I've grappled with this problem before - one of ways to solve it is by using the State monad.
In simple terms, they deal with functions on the form s -> (d, s)
. Intuitively, s
is the type of the state that may change during a computation.
The first thing to note is that s -> Maybe (d, s)
doesn't have the form s -> (d, s)
: the former is a tuple of things, while the latter is a Maybe
, we need a function on the type s -> (Maybe d, s)
, if the function returns None
, the modified function will return the previous state. One possible implementation of this adapter is:
keepFailure :: (s -> Maybe (d, s)) -> (s -> (Maybe d, s))
keepFailure f s = maybe (Nothing, s) (first Just) (f s)
Remember to import Data.Bifunctor
because of the first
function
There's a function that converts from s -> (d, s)
to State s d
called state
, and
runState
to convert it back.
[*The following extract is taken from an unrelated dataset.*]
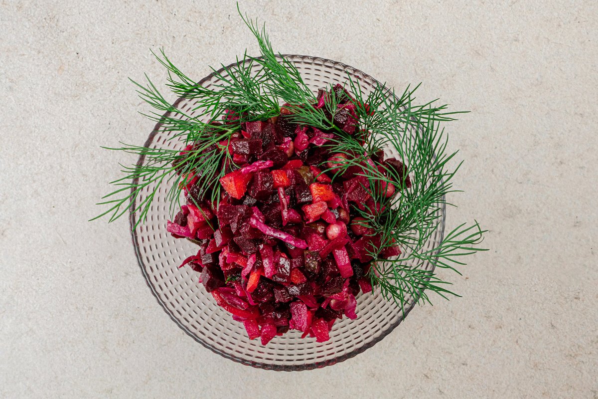 Морковь, свекла, горошек, квашенная капуста, укроп, марин-ые огурцы

Now we implement the function which is will try exhausting the state of all possible values:
stateUnfoldr :: State s (Maybe d) -> State s [d]
stateUnfoldr f = do
mx <- f
case mx of
Just x -> do
xs <- stateUnfoldr f
return $ x:xs
Nothing -> return []
In simple terms, mx <- f
works like "apply f
to the input, update the state, get assign the return value to mx
"
Then, we can piece everything together:
fStateUnfoldr :: (s -> Maybe (d, s)) -> (s -> ([d], s))
fStateUnfoldr f = runState $ stateUnfoldr $ state . keepFailure $ f
Remember to import Control.Monad.State
state . keepFailure
adapts f
into a State s (Maybe d)
Monad, then stateUnfoldr
unfolds to a State s [d]
, then runState
turns it back to a function.
We can also use the execState
or evalState
instead of runState
if you want just the state or just the list.